Investor Sentiment and Correction Risk

While Solomon acknowledges the potential for market correction, he doesn’t foresee an immediate bear market. This perspective aligns with analysis from Investing.com Brasil, which suggests that while vulnerabilities exist, a full-scale market collapse is not currently anticipated (Investing.com Brasil). Investor sentiment remains a key factor, and any further escalation of the conflict could quickly shift market dynamics. The current “benign” reaction may be a temporary phenomenon, contingent on the evolving geopolitical landscape.

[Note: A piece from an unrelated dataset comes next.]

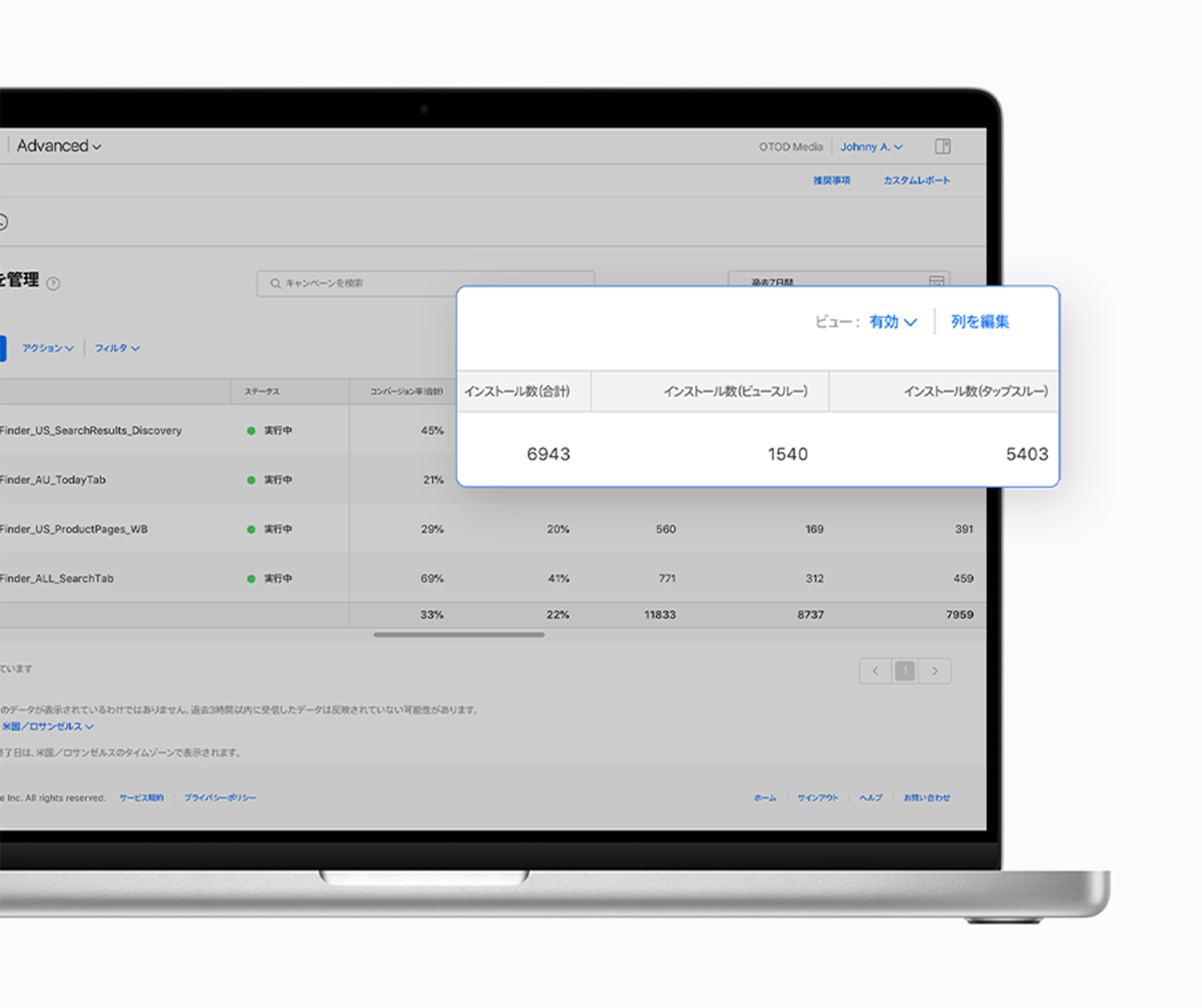 各キャンペーンと広告プレースメントが全体的なパフォーマンスに与える影響をご確認いただけます。Apple Search Adsダッシュボードでビュースルー指標をご確認ください。
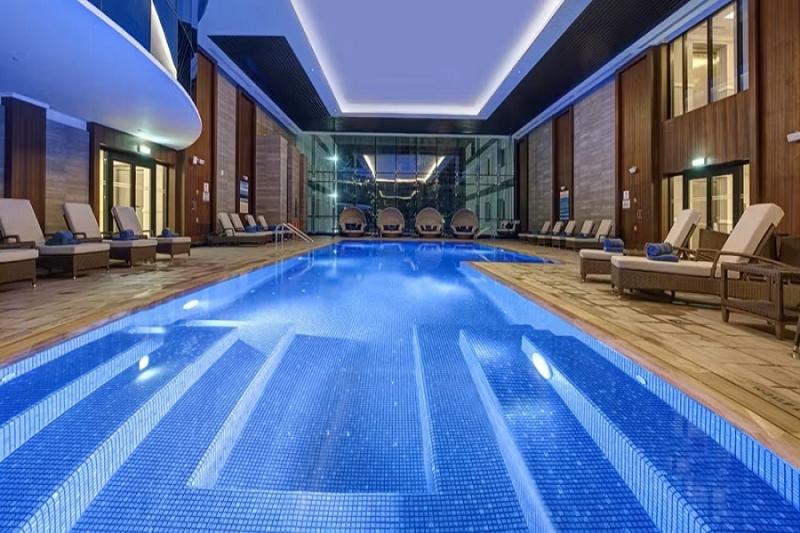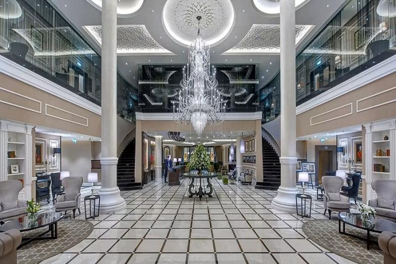 Hotel Dukes The Palm je situován na Palm Jumeirah. Hosté mohou relaxovat v řece nebo využít vybavení pro vodní sporty na pláži. Hotel disponuje 279 luxusně vybavenými pokoji a 227 zařízenými apartmány s výhledem na Arabský záliv a kultovní panorama Mariny. Všechny pokoje a apartmány disponují satelitní TV s plochou obrazovkou, příslušenstvím pro přípravu čaje a kávy, prostornou šatní skříní, trezorem, župany, pantoflemi a toaletními potřebami značky Floris zdarma. Hotel dále disponuje restaurací Great British Restaurant (GBR), kde hosté mohou ochutnat to nejlepší z britské kuchyně. Hosté GBR mohou stolovat v jídelně s výhledem na panorama dubajské Mariny nebo využít restauraci s barem West 14th na pláži. Dukes Bar má v nabídce nejlepší světová martini. K dalšímu vybavení hotelu patří i posilovna s nejmodernějším vybavením ve 14. patře s francouzskými okny a nádherným výhledem na panorama dubajské Mariny. Hosté mohou využít i kadeřnický salón.

Goldman Sachs’ Perspective on Market Processing

David Solomon, speaking at events including the World Economic Forum in Davos earlier this year (January 22nd, 2026), has consistently emphasized the importance of understanding the broader economic context when assessing market reactions to geopolitical events. His recent comments suggest that the market is taking a measured approach, but that a more substantial reassessment is likely in the coming weeks. This assessment is based on Goldman Sachs’ internal analysis of market data and its understanding of investor behavior. The firm is advising its clients to remain vigilant and prepared for potential volatility (Business Insider).

The Role of Geopolitical Risk Premium

The current market behavior suggests a relatively low geopolitical risk premium is currently priced in. Which means investors are not fully accounting for the potential negative consequences of the conflict. If the situation deteriorates, this premium could increase rapidly, leading to a more significant market correction. Conversely, if tensions ease, the premium could decline, potentially driving market gains. The uncertainty surrounding the conflict makes it difficult to predict which scenario is more likely.

What to Expect in the Coming Weeks

The next few weeks will be critical for assessing the long-term impact of the Iran conflict on financial markets. Key indicators to watch include oil prices, U.S. Treasury yields, and investor sentiment. Further escalation of the conflict, particularly any direct involvement of the United States or other major powers, could trigger a more substantial market downturn. Conversely, a de-escalation of tensions could lead to a recovery in stock prices and a decline in bond yields. Goldman Sachs will continue to monitor these developments closely and provide guidance to its clients. The firm’s analysts are also examining the potential impact on specific sectors, such as energy, defense, and transportation (Reuters).

The situation remains fluid, and investors should be prepared for continued volatility. A cautious approach, focused on risk management and diversification, is advisable in the current environment. The interplay between geopolitical events, economic data, and central bank policy will ultimately determine the trajectory of financial markets in the weeks and months ahead.